| Goal of the exercise |
No line before the one holding "Now make your" is to be copied; that line and all after it, through the end of the listing, are returned exactly, minus pictures.

| Provided records |
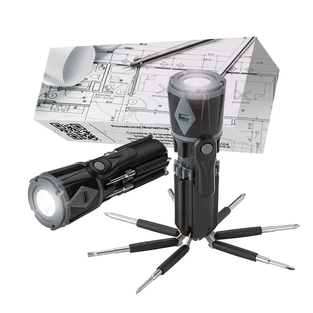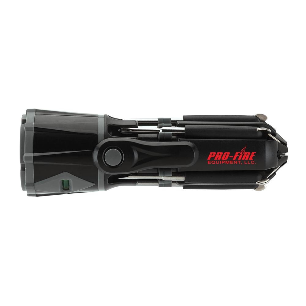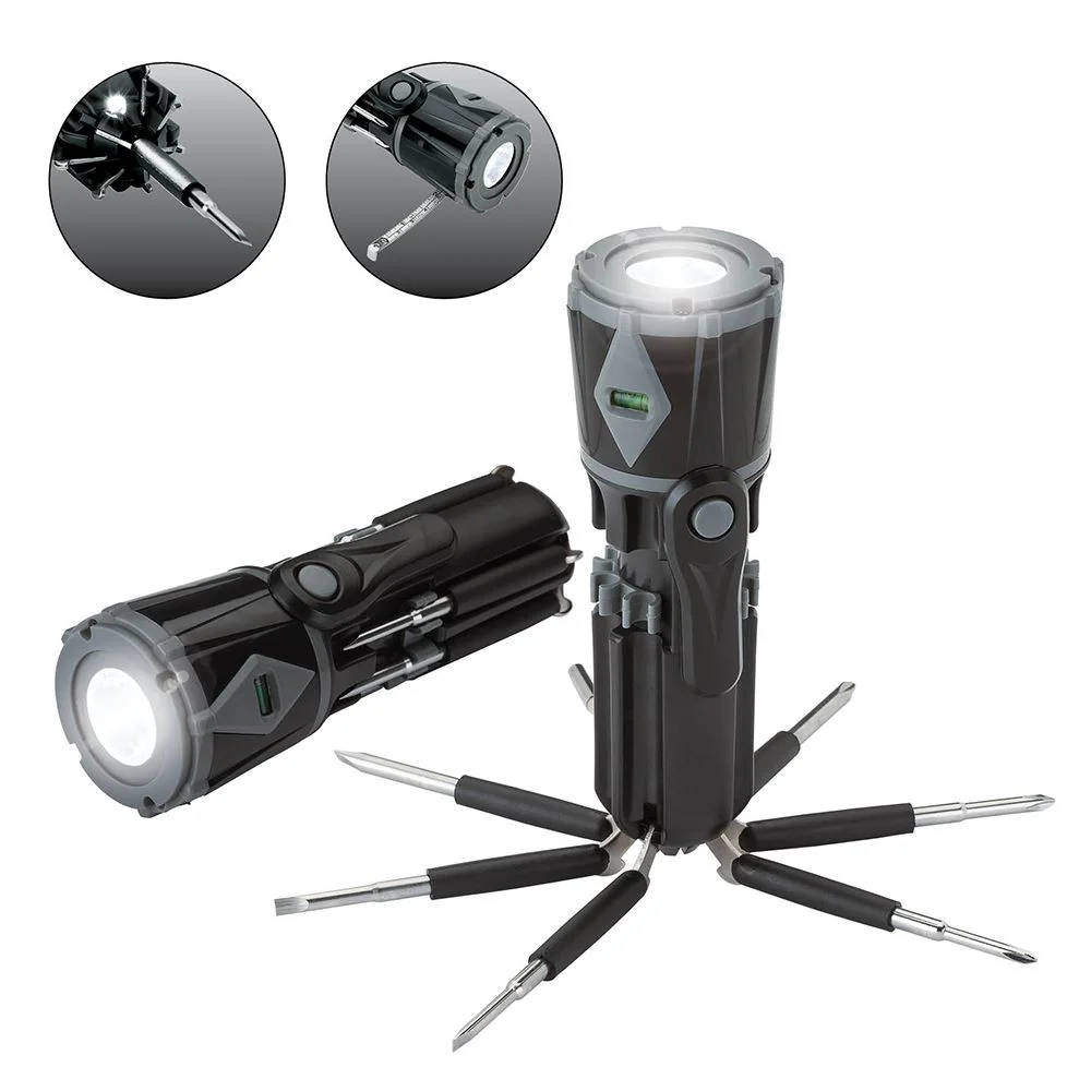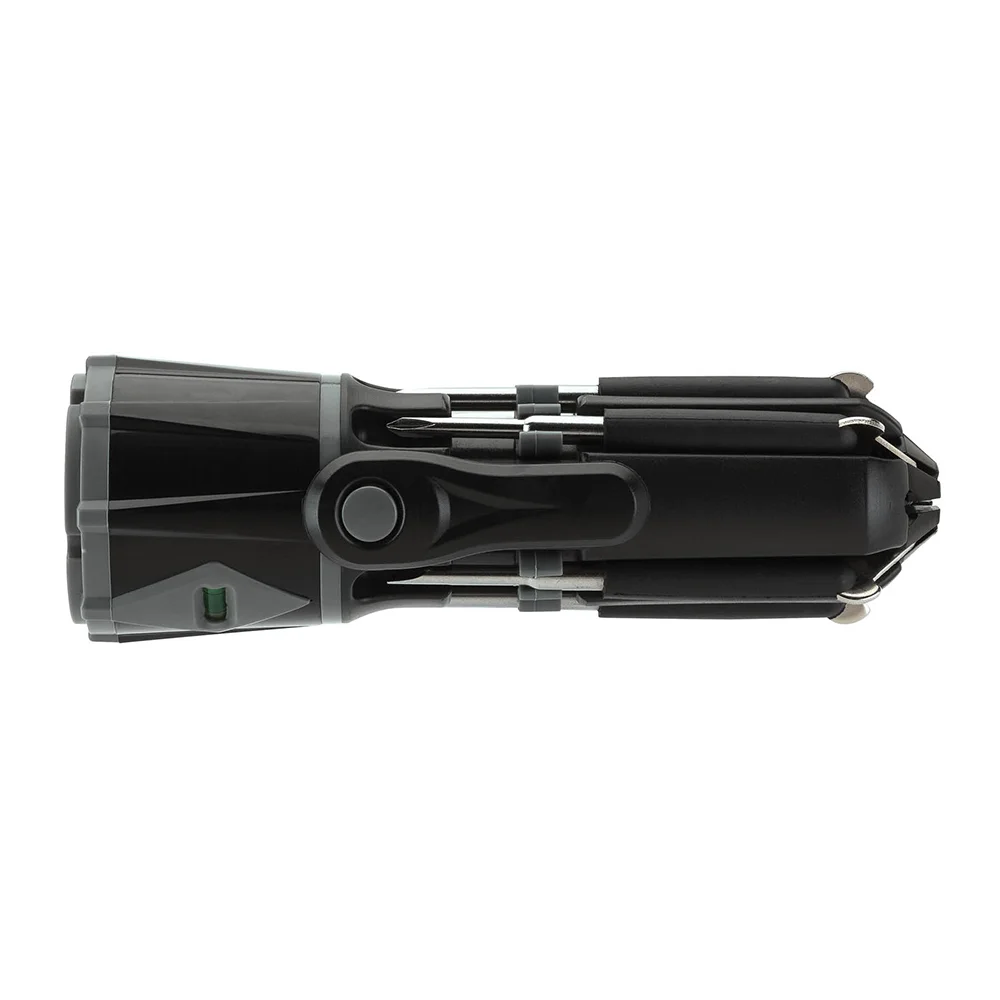 Bright LED flashlight (25 lumens) with on/off switch; Also lights up tool spotlight (15 lumens) on the other end to help you see what you are working on
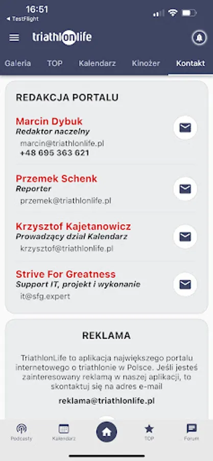 TriathlonLife is an application of the largest internet portal about triathlon in Poland. Here you will find current information from Poland, Europe and the world. Interviews, talks with professional triathletes and amateurs, reports from the competition, free podcasts and guides.
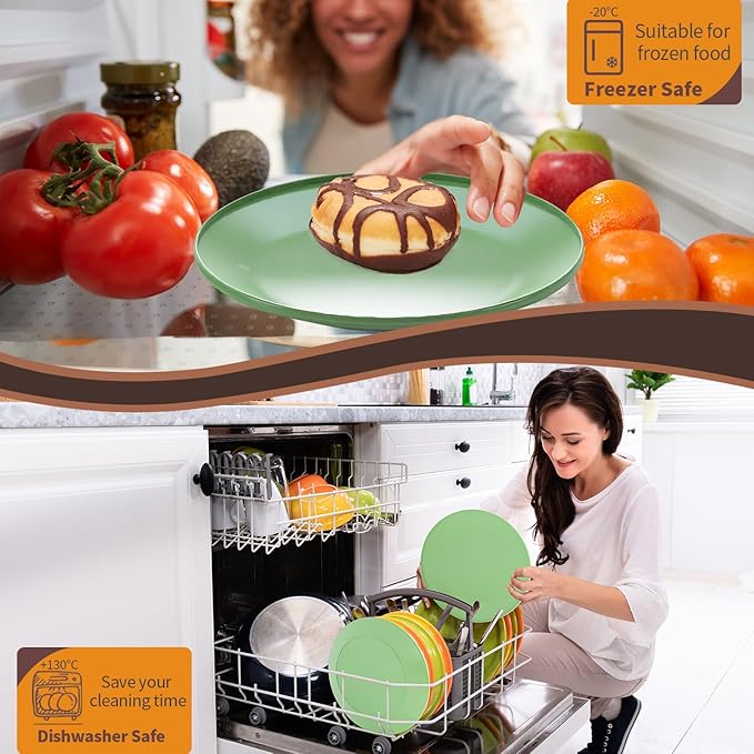 - 🌾【Reliable Material】Dinnerware set made from Wheat Straw and PP plastic. The material is BPA-free, non-toxic, odourless and safe.Replacing foam and plastic cutlery as a stylish, healthy and sustainable alternative.
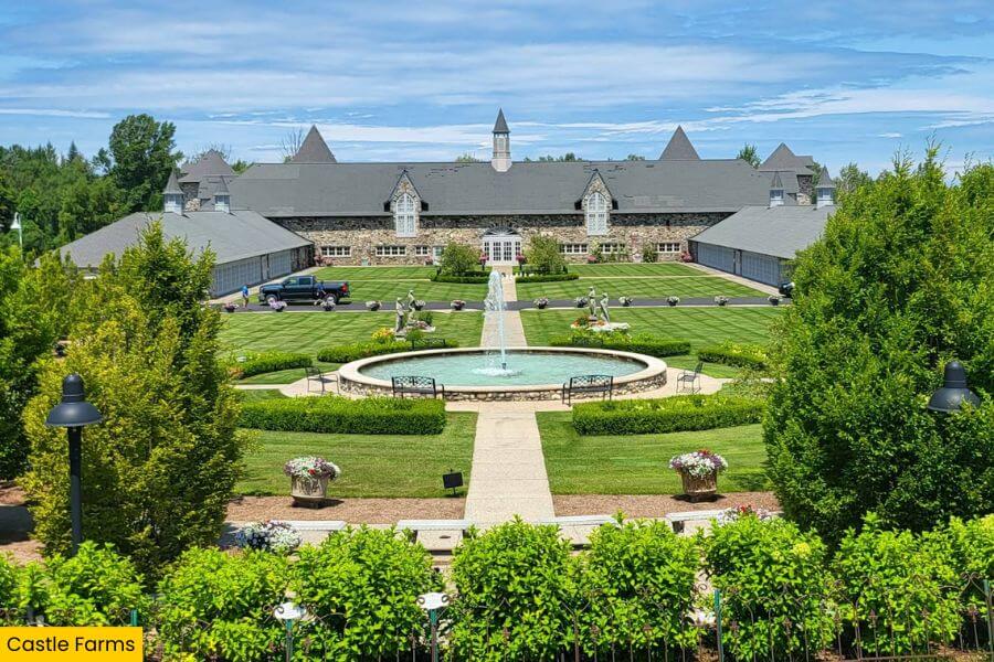 Now make your way to Charlevoix, where Castle Farms stands with a long stone facade, peaked roofs, and manicured gardens centered around a fountain.
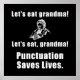 Let�s eat, grandma! Thank goodness for commas. The use of punctuation can save lives! Check out this funny custom design on tees, shirts, mugs, pajamas, gifts and other apparel.
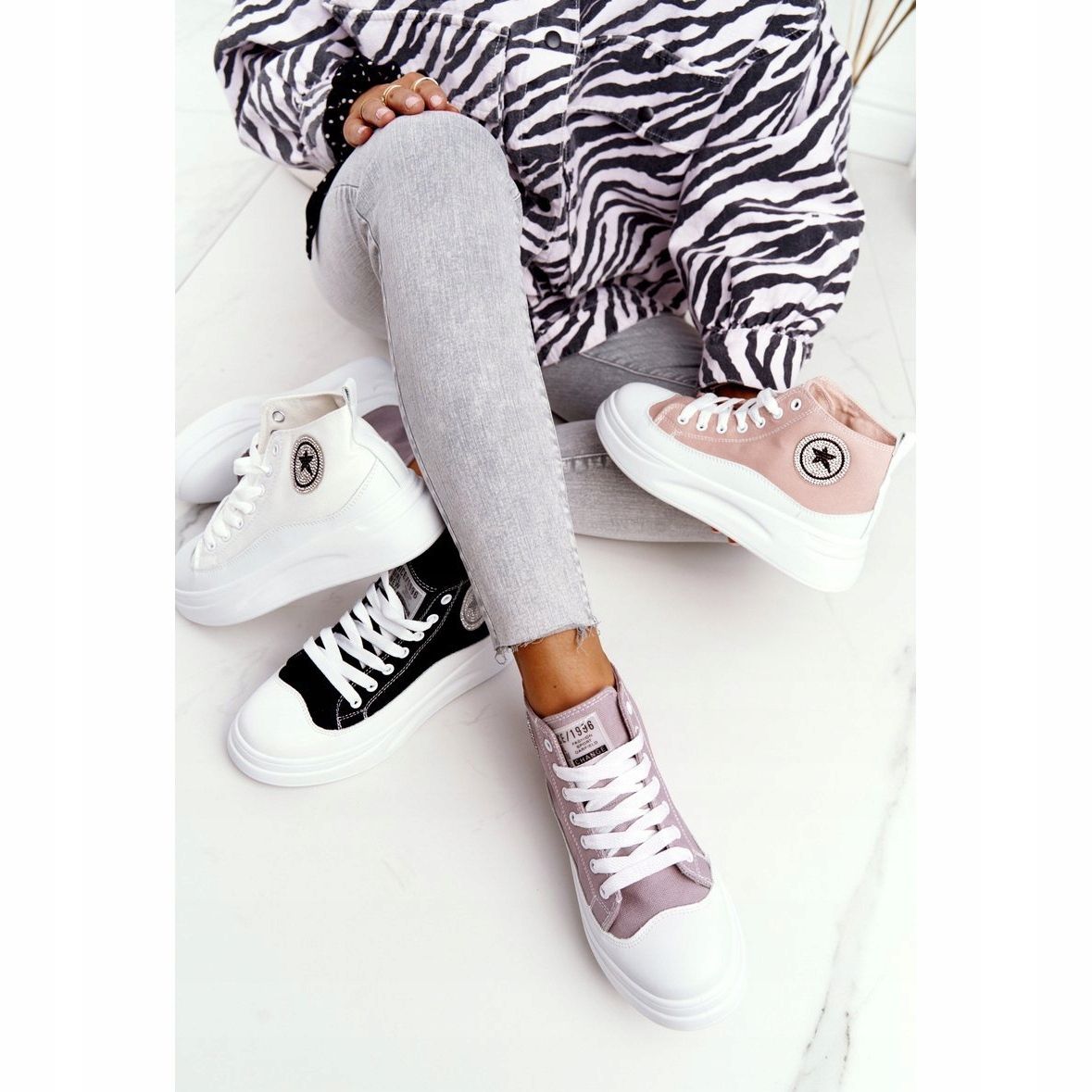 Le sneakers sono disponibili nel classico colore nero con suola bianca, che le rende estremamente universali e facili da abbinare al resto del tuo guardaroba. Un ulteriore vantaggio sono gli strass, che aggiungono un po' di brillantezza e li rendono un elemento di styling originale.
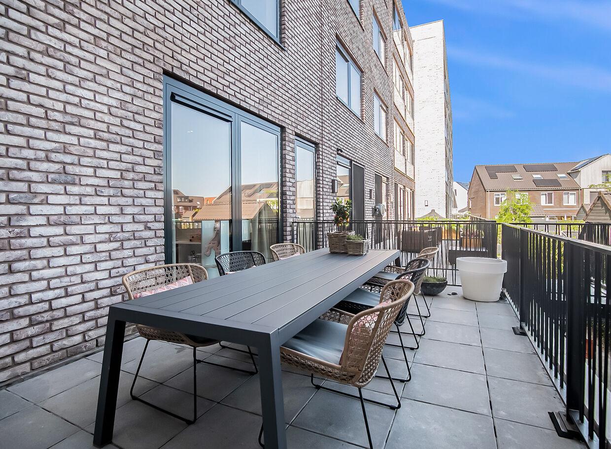 Het terras aan de achterzijde van het appartement biedt een heerlijke plek voor een diner op een warme avond. Beide terrassen zijn toegankelijk vanuit de keuken. De terrassen hebben een gezamenlijke oppervlakte van maar liefst 27m2.

| Exercise result |
 Now make your way to Charlevoix, where Castle Farms stands with a long stone facade, peaked roofs, and manicured gardens centered around a fountain.
 Let�s eat, grandma! Thank goodness for commas. The use of punctuation can save lives! Check out this funny custom design on tees, shirts, mugs, pajamas, gifts and other apparel.
 Le sneakers sono disponibili nel classico colore nero con suola bianca, che le rende estremamente universali e facili da abbinare al resto del tuo guardaroba. Un ulteriore vantaggio sono gli strass, che aggiungono un po' di brillantezza e li rendono un elemento di styling originale.
 Het terras aan de achterzijde van het appartement biedt een heerlijke plek voor een diner op een warme avond. Beide terrassen zijn toegankelijk vanuit de keuken. De terrassen hebben een gezamenlijke oppervlakte van maar liefst 27m2.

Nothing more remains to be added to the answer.